Waktu terus saja menggelinding. Tapi aku masih saja menatapmu disini, di tempat dimana dulu kita bertemu. Saat rambutmu yang panjang kau biarkan terurai dibelai bayu yang semilir. Dan kitapun duduk menatap air yang berlarian dalam anak sungai, sambil sesekali kita titipkan penat pada gemericik mereka yang bening meliuk diatas kerikil pada dasarnya.

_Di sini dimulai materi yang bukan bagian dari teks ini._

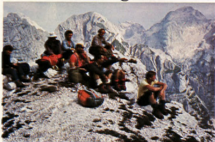
Počitek na poti preko Plamenic na Triglav

Poletni dan je lahko sončen ali meglen, topel ali hladen. To dokazujeta dva dneva, ki sem jih prebila v planinah.

Aku ingin menitipkan kabar pada camar, tapi aku malu pada mega yang menggumpal. Sebab mereka pasti mendengar bisik rinduku. Maka biarlah kuputuskan lewat puisi diatas kertas putih. Dan kupatri sebuah komitmen dalam gumpalan daging berwarna cokelat bercampur darah.
" Jarak. Antara aku, kamu dan segara lepas.
Kita senantias menyaksikan detik pada jarum jam yang tak pernah tau rindu yang mengingin. Kita teramat egois kepada era, mendikte pada kuasaNya, padahal kita tahu ini hanya sebuah rasa yang bergelora.
Maka biarkanlah ini menjadi puisi, sebab komitmen telah terpatri.
" Long distance love. Hanya sebuah istilah buat raga kita, namun sukma kita selalu bertatap mata tiap detiknya. Sebab rasa kita ada diantaranya.
¤¤¤¤¤
hahahaha kok bisa ya gw bikin yang ginian * tepok jidat*
awas ye copas, gw sumpahin jadi presiden.